GLAAD blasted Marvel Cinematic Universe and DC Extended Universe for not having enough gay characters in its superhero movies.
According to the Washington Times, the “Deadpool” franchise was praised for including a same-sex couple in the recently released sequel. But “Wonder Woman” was criticized for not helping grow diversity.
“There have been several films in recent years that have erased a character’s queer identity as they moved from page to screen,” a report from the gay organizations’s yearly report read about LGBTQ representation in films.
“In 2017, Marvel’s Thor: Ragnarok and DC’s Wonder Woman both included characters who are queer in the source material, but did not include any on screen confirmation of their identities,” it added. “This must change going forward.”

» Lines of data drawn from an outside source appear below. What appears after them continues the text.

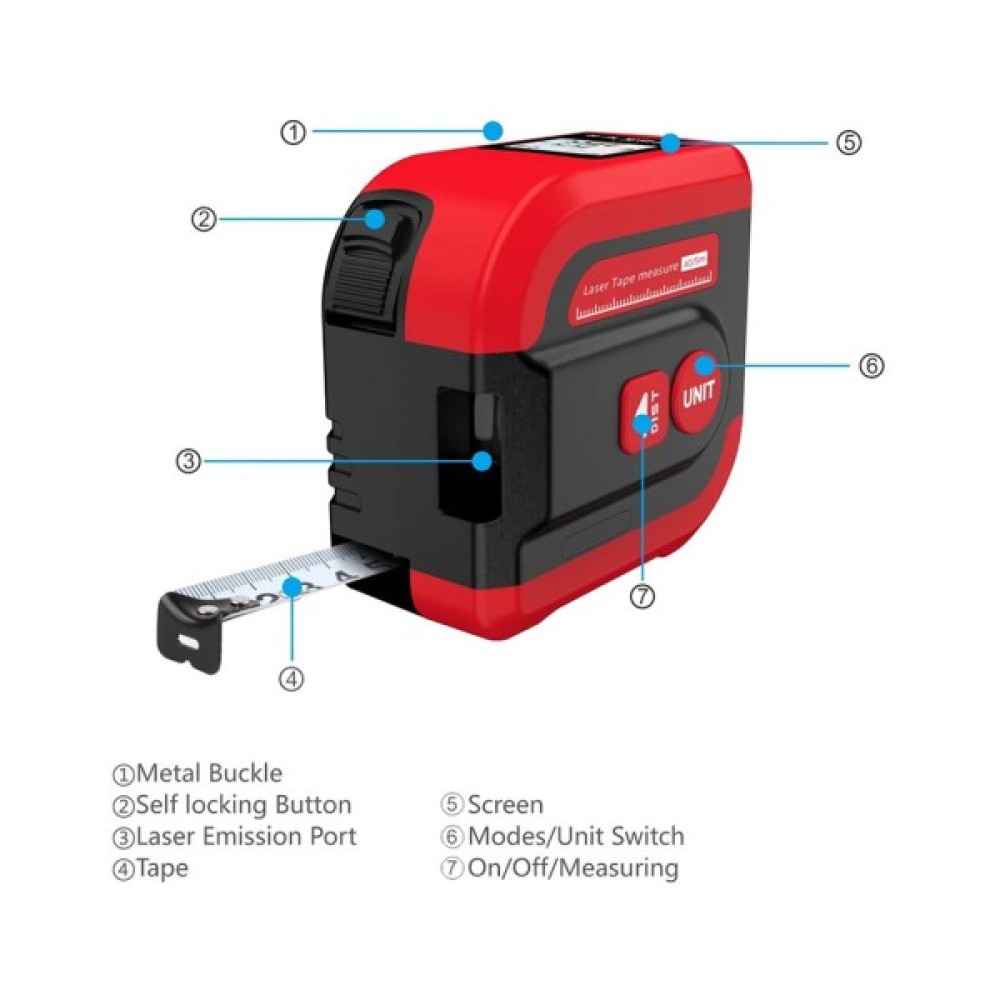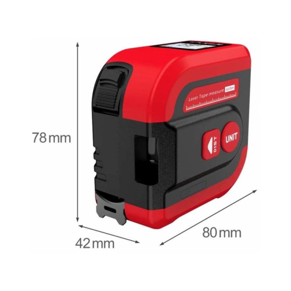 Лазерна рулетка поєднує 40-метровий лазерний вимірювач і 5-метрову рулетку. Одне натискання кнопки дозволяє швидко та легко проводити лазерні виміри на великих відстанях. Вимірює відстані до 40 м з точністю до +/-2 мм. Портативний і компактний розмір легко поміщається в руці і може висіти на поясі. Харчування: 1.5 У 2хAAA. Сертифікація Пройшов тестування на відповідність стандартам RoHS, FCC та CE, а також Noyafa сертифіковано за стандартом ISO 9001.
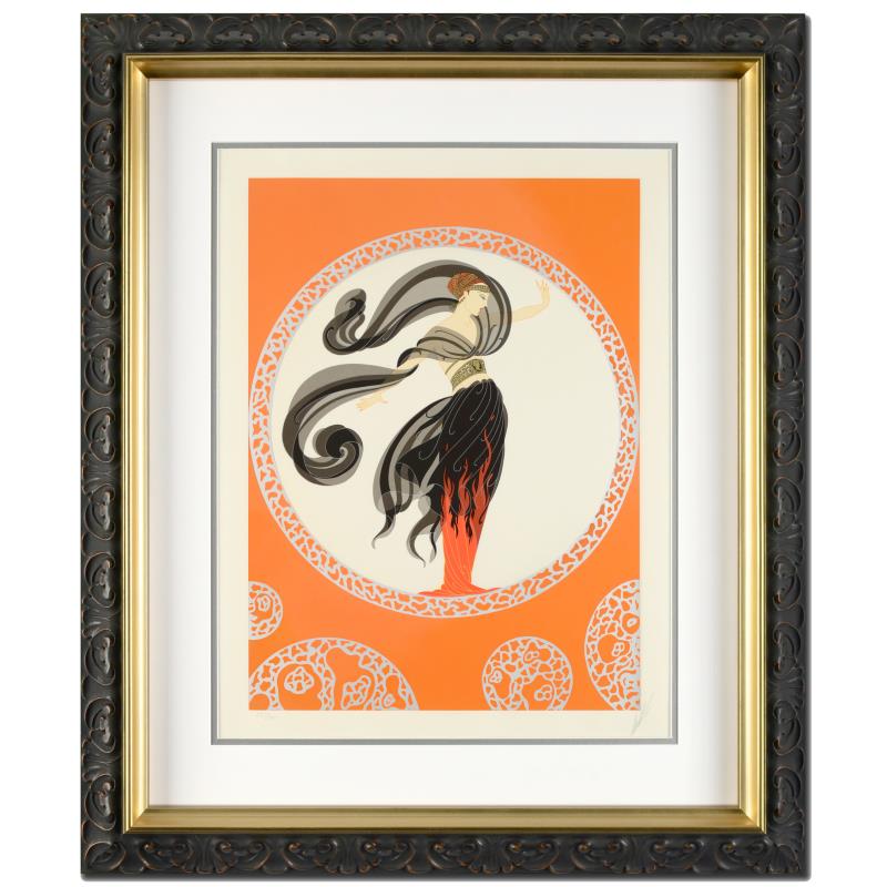 Known as "The Father of Art Deco," Erte (1892-1990) and his immense talent have been recognized by art collectors through the ages. His clean lines and intricate designs are awe-inspiring. "Flames Of Love" is a limited edition serigraph on paper, numbered 227/300 and hand signed by the artist. This piece is custom framed using acid free materials and is ready to hang. Includes Certificate of Authenticity! Measures approx. 29.5" x 35" (with frame), 16" x 21.5" (image).
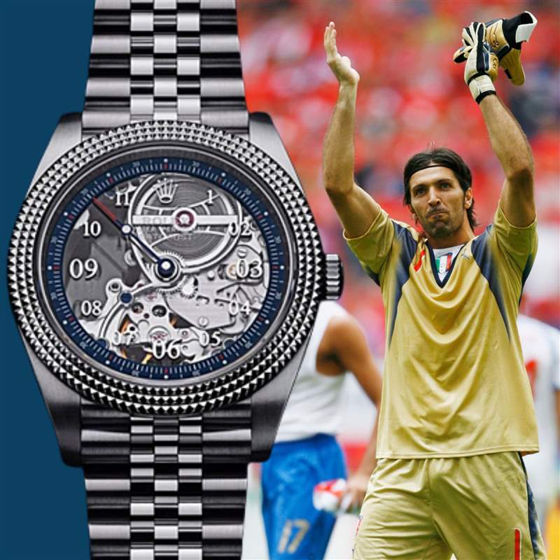 Gianluigi Buffon原本擁有的表是一款勞力士Datejust 126300搭配五珠帶的款式,他和Artisans de Genève在討論手表改裝的主題時有過一段深入的討論??雙方都同意每個人的一生都在與時間奮斗,在足球場上,守門員是一個很特殊的位置,因為他雖然是隊上的一份子,但是在己方球隊在進攻過程中,守門員往往必須孤獨地駐守在自家的球門前等待下個回合敵方的進攻時間;如同守門員一樣,制表師在專注于他們的工作時也會有一段長時間的獨立作業(yè)期,所以Artisans de Genève和Gianluigi Buffon決定要在Datejust 126300的改裝作品中呈現(xiàn)孤獨的意境,并傳達獨樹一幟的個性。
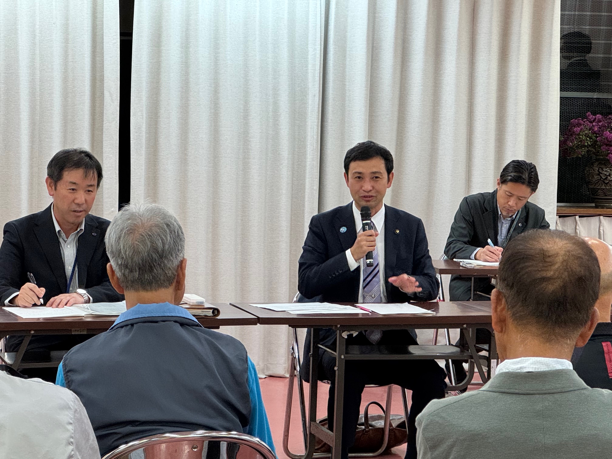 先日、久那公民館において「ふれあい懇談会」を開催しました。今回の懇談会では、「二十歳のつどい」や水道料金の引き上げ、防災行政無線の運用、ふるさと納税、テレビ共同受信施設組合、鳥獣対策、地域の道路整備など、幅広いテーマについて市民の皆さまとの意見交換を行いました。
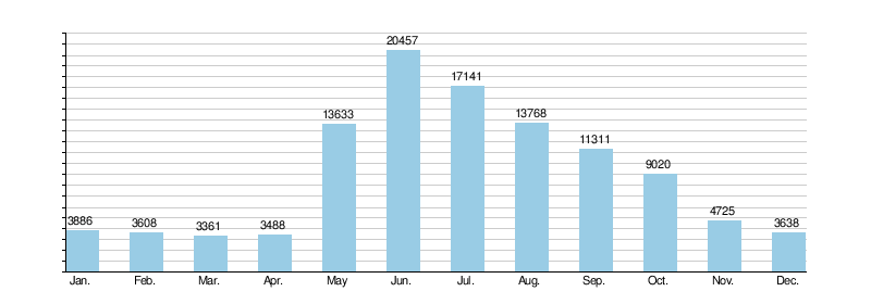 Mackenzie monthly mean discharge at Arctic Red River (m3/s)[32]

“With wildly successful films like Wonder Woman and Black Panther proving that audiences want to see diverse stories that haven’t been told before, there is simply no reason for major studios to have such low scores on the Studio Responsibility Index,” Sarah Kate Ellis, GLAAD President and CEO, explained.
“At a time when the entertainment industry is holding much needed discussions about inclusion, now is the time to ensure the industry takes meaningful action and incorporates LGBTQ stories and creators as among priorities areas for growing diversity,” she added.
The report also praised the changes that have been made to include more gay heroes in comic books and said that was just one more reason that the lack of diversity on the big screen was unacceptable.
“Though wide release films this year like Love, Simon, Annihilation, Blockers, and Negasonic and Yukio’s relationship in Deadpool 2, have raised the bar for LGBTQ images, studios must still do more to ensure that LGBTQ storylines and characters are included in fair and accurate ways,” Megan Townsend, Director of Entertainment Research and Analysis at GLAAD, said. “We hope that these films are the start of an upward trend of sustained progress, and not just a blip in the radar of next year’s SRI [Studio Responsibility Index].”